Task to carry out. The required output is the exact run of lines in the listing below from the line holding "Before carrying out" through the line holding "La Diputación de", with no pictures.

Source records.
───

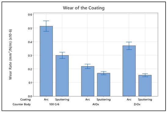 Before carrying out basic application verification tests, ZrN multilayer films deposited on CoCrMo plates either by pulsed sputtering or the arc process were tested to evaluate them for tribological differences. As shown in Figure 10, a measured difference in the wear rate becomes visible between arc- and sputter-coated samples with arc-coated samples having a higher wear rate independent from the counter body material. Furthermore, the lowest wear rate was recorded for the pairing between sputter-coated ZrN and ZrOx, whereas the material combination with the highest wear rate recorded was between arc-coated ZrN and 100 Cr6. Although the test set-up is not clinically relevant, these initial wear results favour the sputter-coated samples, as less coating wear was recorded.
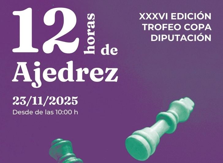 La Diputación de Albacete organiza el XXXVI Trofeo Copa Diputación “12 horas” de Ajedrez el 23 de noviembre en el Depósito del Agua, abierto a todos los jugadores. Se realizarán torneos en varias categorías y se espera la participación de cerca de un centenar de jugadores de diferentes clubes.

───

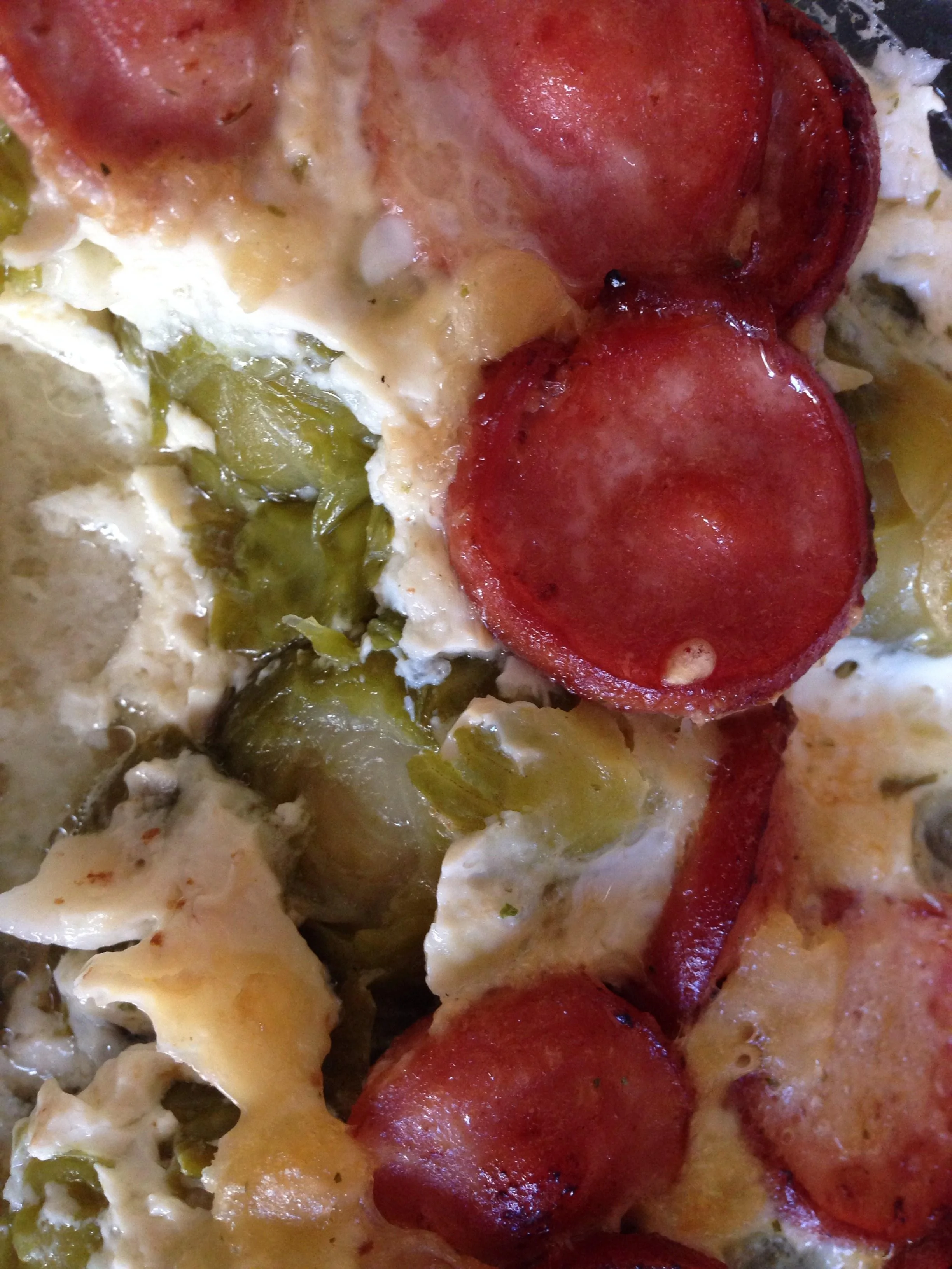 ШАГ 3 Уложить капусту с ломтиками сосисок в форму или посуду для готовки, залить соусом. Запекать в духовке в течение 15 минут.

───

Response for this exercise.
 Before carrying out basic application verification tests, ZrN multilayer films deposited on CoCrMo plates either by pulsed sputtering or the arc process were tested to evaluate them for tribological differences. As shown in Figure 10, a measured difference in the wear rate becomes visible between arc- and sputter-coated samples with arc-coated samples having a higher wear rate independent from the counter body material. Furthermore, the lowest wear rate was recorded for the pairing between sputter-coated ZrN and ZrOx, whereas the material combination with the highest wear rate recorded was between arc-coated ZrN and 100 Cr6. Although the test set-up is not clinically relevant, these initial wear results favour the sputter-coated samples, as less coating wear was recorded.
 La Diputación de Albacete organiza el XXXVI Trofeo Copa Diputación “12 horas” de Ajedrez el 23 de noviembre en el Depósito del Agua, abierto a todos los jugadores. Se realizarán torneos en varias categorías y se espera la participación de cerca de un centenar de jugadores de diferentes clubes.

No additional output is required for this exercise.